• What the task asks
Restate the lines word for word, from the first line of the records through the line containing "nhất Hollywood. |". Leave out the pictures and anything after that line.

•••••

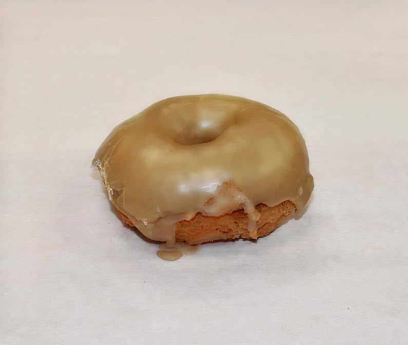 A rectangular yeast-raised donut topped with a smooth maple glaze
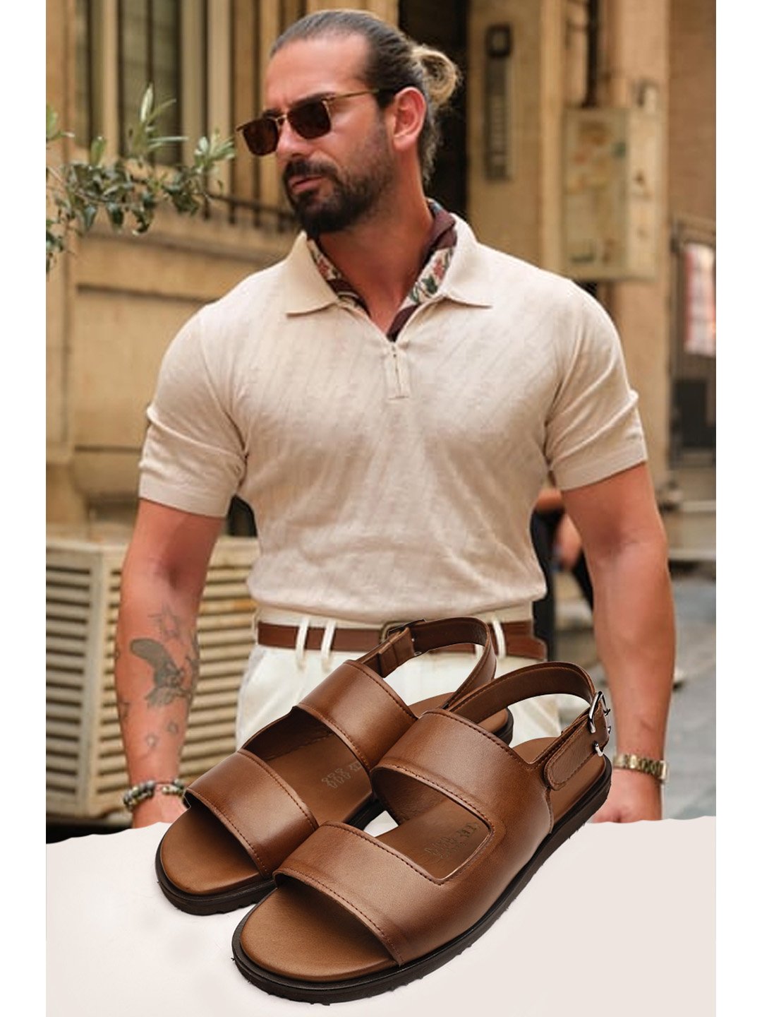 TABACO SOFT HAKİKİ DERİ ERKEK SANDALET AÇIK KAHVE - 46
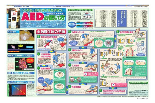 心筋梗塞や不整脈などの心疾患は場所と時を選びません。これまでは医療従事者などを除けば救急車の到着を待つしかなすすべがありませんでした。しかし、一般の市民でも簡単に操作できるAEDという救命機器が駅などに置かれるようになりました。AEDの使い方を含めた心肺蘇生法について図解します。
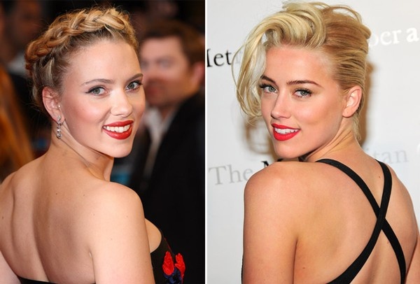| Scarlett Johansson, 29 tuổi, và Amber Heard, 28 tuổi, đều được nhớ đến với mái tóc vàng và gương mặt quyến rũ đậm chất cổ điển. Cả hai cũng đều nằm trong top những phụ nữ được khao khát nhất Hollywood. |
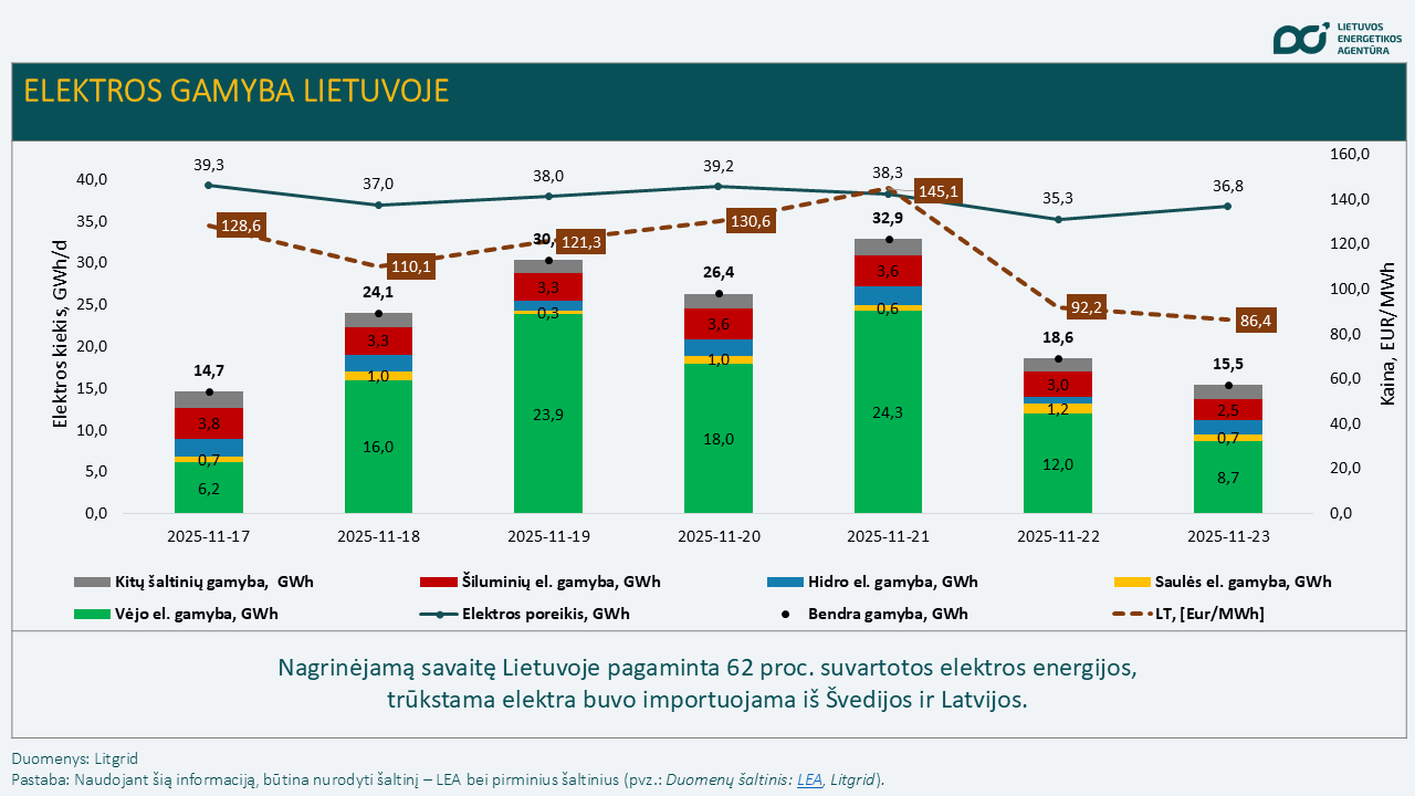 Bendra elektros gamyba Lietuvoje praėjusią savaitę siekė 162,6 GWh, arba 30,3 proc. daugiau, palyginti su ankstesne savaite. Per savaitę šalyje pasigaminome apie 62 proc. suvartotos elektros energijos, trūkstama elektra buvo importuojama iš Švedijos ir Latvijos.

•••••

• The answer
 A rectangular yeast-raised donut topped with a smooth maple glaze
 TABACO SOFT HAKİKİ DERİ ERKEK SANDALET AÇIK KAHVE - 46
 心筋梗塞や不整脈などの心疾患は場所と時を選びません。これまでは医療従事者などを除けば救急車の到着を待つしかなすすべがありませんでした。しかし、一般の市民でも簡単に操作できるAEDという救命機器が駅などに置かれるようになりました。AEDの使い方を含めた心肺蘇生法について図解します。
| Scarlett Johansson, 29 tuổi, và Amber Heard, 28 tuổi, đều được nhớ đến với mái tóc vàng và gương mặt quyến rũ đậm chất cổ điển. Cả hai cũng đều nằm trong top những phụ nữ được khao khát nhất Hollywood. |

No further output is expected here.